Next we’ll look at the interplay between FRL, ELL and missingness

  mosaicMiss(
    Test_Data_WIDE[[m]][,
      c("FREE_REDUCED_LUNCH_STATUS.2019",
        "ELL_STATUS.2019",
        "SCALE_SCORE.2021")],
    highlight = 3, plotvars = 1:2, miss.labels = FALSE)

Here we see that FRL and ELL students are more likely to be missing in 2021. This is very much the case for students who are both FRL and ELL. Too much so? We may need to change the ampute.var.weights to downweight particular variables.

Now we’ll look at missingness related to prior scale scores. First lets look at what we started with in the SGPdata::sgpData_LONG_COVID. We will widen it similar to the way we widened the amputed data above.

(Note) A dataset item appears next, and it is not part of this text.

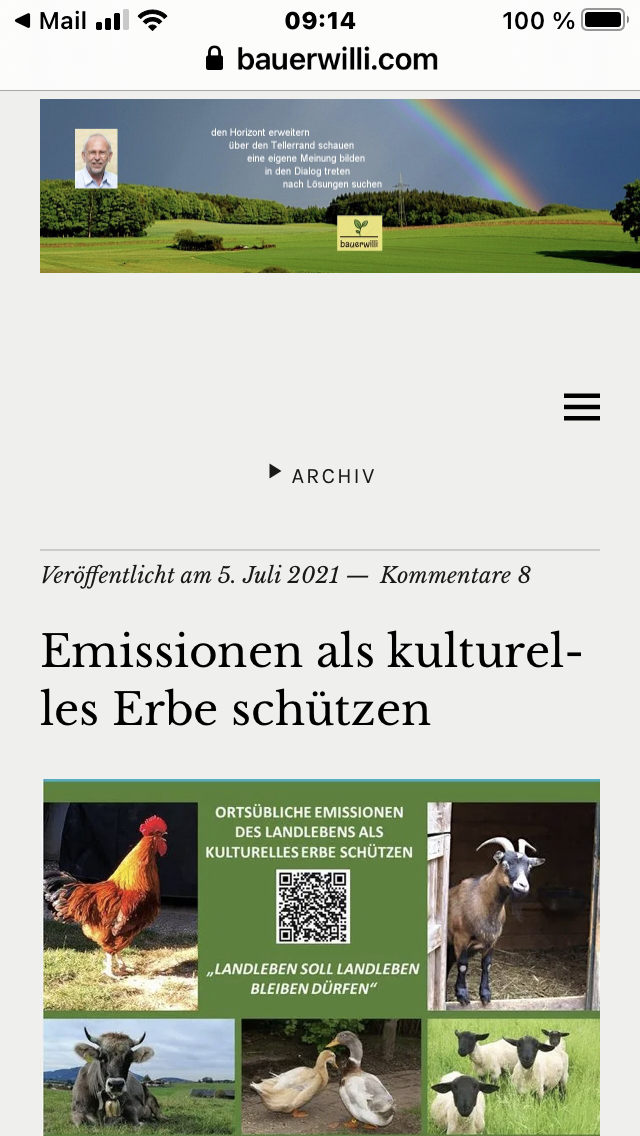 Danke an Bauer Willi für die Aufnahme der Petition zum Schutz des Landlebens auf seiner Internetseite!👍💪🤗

  sgpData_WIDE_COVID <- data.table::dcast(
    data_to_ampute[YEAR %in% c("2019", "2021") & VALID_CASE == "VALID_CASE"],
      ID + CONTENT_AREA ~ YEAR, sep=".", drop=FALSE, value.var=c("GRADE", "SCALE_SCORE"))

  ##    Trim things down with all NAs (79 cases) and fill in some missing info (partial.fill)
  sgpData_WIDE_COVID <- sgpData_WIDE_COVID[!(is.na(GRADE.2019) & is.na(GRADE.2021))]
  sgpData_WIDE_COVID[is.na(GRADE.2019), GRADE.2019 := as.numeric(GRADE.2021)-2L]
  sgpData_WIDE_COVID[is.na(GRADE.2021), GRADE.2021 := as.numeric(GRADE.2019)+2L]

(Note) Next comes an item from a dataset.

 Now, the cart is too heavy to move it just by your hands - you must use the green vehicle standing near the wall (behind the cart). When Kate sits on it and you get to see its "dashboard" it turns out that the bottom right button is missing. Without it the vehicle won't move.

  sgpData_WIDE_COVID <- sgpData_WIDE_COVID[GRADE.2021 %in% 5:8]
  sgpData_WIDE_COVID <- sgpData_WIDE_COVID[GRADE.2019 %in% 3:6]

Now we will create some plots from the unaltered data (note this is scores for all grades, and scale is not standardized)

  histMiss(as.data.frame(sgpData_WIDE_COVID[, c("SCALE_SCORE.2019", "SCALE_SCORE.2021")]), breaks=25, interactive=FALSE)

  marginplot(as.data.frame(sgpData_WIDE_COVID[, c("SCALE_SCORE.2019", "SCALE_SCORE.2021")]))

  scattmatrixMiss(as.data.frame(sgpData_WIDE_COVID[, c("SCALE_SCORE.2019", "SCALE_SCORE.2021")]), interactive=FALSE)

Compare those with what we have in one of our amputated datasets: Change m to see results from other amputations, and run the same plot types for unaltered/amputed data back to back.

histMiss(as.data.frame(Test_Data_WIDE[[m]][, c("SCALE_SCORE.2019", "SCALE_SCORE.2021")]), breaks=25, interactive=FALSE, only.miss=FALSE)

marginplot(as.data.frame(Test_Data_WIDE[[m]][, c("SCALE_SCORE.2019", "SCALE_SCORE.2021")]))

scattmatrixMiss(as.data.frame(Test_Data_WIDE[[m]][, c("SCALE_SCORE.2019", "SCALE_SCORE.2021")]), interactive=FALSE)

What we see is that in the unaltered data the 2021 missing cases are more-or-less randomly distributed given 2019 observed scores. After amputation, however, the missing case distribution is heavily concentrated in lower prior score observations.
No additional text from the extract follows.